Later, the Department of Culture, Arts and Leisure sent in senior civil servants to run the body. In a survey ordered by the officials, staff, helped by a confidential telephone hotline, reported widespread disillusionment with senior management.

More than a third of the organisation’s 140 staff claimed that they had witnessed or been subjected to bullying, harassment and victimisation.

‘Lack of evidence’

Reviewing the misconduct charges levelled against Ms McKeown, the senior civil servants found that “there appeared to be a lack of evidence that a thorough investigation had been carried out in coming to the charges”, the final report says.

In a draft report, the civil servants’ team – known as the Interim Executive Leadership Executive Team (IELT) – found that each of the seven charges of misconduct laid against Ms McKeown had serious flaws.

Ms McKeown, for example, had been accused of having failed to protect two employees who had been criticised for warning that the GAA’s refurbished Casement Park stadium in west Belfast could not be evacuated safely.

Here, the IELT completely exonerated Ms McKeown: "The CEO has, in the IELT's view, been unfairly made the corporate scapegoat for this failure," says the document, seen by The Irish Times.

The IELT weighed up all seven cases and reported that there was “no evidence that the facts were considered” when suspending her.

“The IELT review has probed the issues around which the charges have been based further and, in our view, there is not a compelling case for charges or the gravity afforded them,” the draft report says.

Despite the concerns expressed by its own civil servants, Department of Culture, Arts and Leisure officials and government lawyers gave the go-ahead for the disciplinary hearings against Ms McKeown to continue. She was dismissed in November 2016 – 20 months after she was suspended.

In March 2015, exasperated by events at Sport NI, the then Sinn Féin DCAL minister Carál Ní Chuilín had summoned Mr Henning and his vice-chairman Ian McAvoy and gave them an ultimatum: resign or be fired. They quit the next day.

Ms McKeown appealed her sacking. Last June, an appeal panel, which included former assistant chief constable of the PSNI Alistair Finlay, upheld Ms McKeown’s appeal against all seven charges of gross misconduct.

Lack of protection

The panel report said there had been a “co-ordinated attempt” to get rid of Ms McKeown and that the leadership investigation had been a “Trojan horse to investigate the appellant without proper formality and protection of due process”.

The gross misconduct findings were “unsafe”, it found, adding that the Sport NI board had shown “an unreasonable determination to pursue” Ms McKeown. Her dismissal had been unfair and the entire process she faced was “flawed”, it added.

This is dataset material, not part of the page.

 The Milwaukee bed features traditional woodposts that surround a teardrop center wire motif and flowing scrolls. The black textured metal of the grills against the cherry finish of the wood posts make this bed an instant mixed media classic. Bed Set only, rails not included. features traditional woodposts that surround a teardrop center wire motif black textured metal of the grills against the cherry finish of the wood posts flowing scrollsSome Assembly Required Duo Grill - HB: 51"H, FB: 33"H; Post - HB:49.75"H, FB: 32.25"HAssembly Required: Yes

In emails and other documents seen by the appeal panel, Ms McKeown is described as “tootsie” and a “bitch”. One email quotes a senior figure telling other officials they needed to “sort AMcK out as soon as possible”.

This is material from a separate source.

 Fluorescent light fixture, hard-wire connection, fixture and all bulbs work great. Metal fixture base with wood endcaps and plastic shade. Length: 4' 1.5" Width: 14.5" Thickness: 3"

In one email to Mr Henning, which was not answered, Mr McAvoy wrote: “AMcK was in Derry on Sat at the [Sinn Féin] ardfheis, surprise, surprise.” One witness told the appeal panel a senior official allegedly set fire to computer discs removed from the IT room and taken off-site shortly after Ms McKeown was suspended. Another tells how laptops and mobile phones were alleged dumped in a skip.

Faced with the strength of the appeal panel report, the new chairman of Sport NI , George Lucas, accepted its findings immediately and reinstated Ms McKeown. She returned to work last July.

Despite the acceptance of the findings, agreement on a compensation and apology package has stalled, and without a functioning elected government and political system to bring some focus, the deadlock is unlikely to be broken.

Ms McKeown is believed to be insisting on a public apology. Sport NI told The Irish Times it was unable to comment on personnel matters. Mr Henning has questioned why he was not interviewed by the appeal panel and maintained he was removed from the processes which led to Ms McKeown's suspension and sacking. Mr McAvoy declined to comment.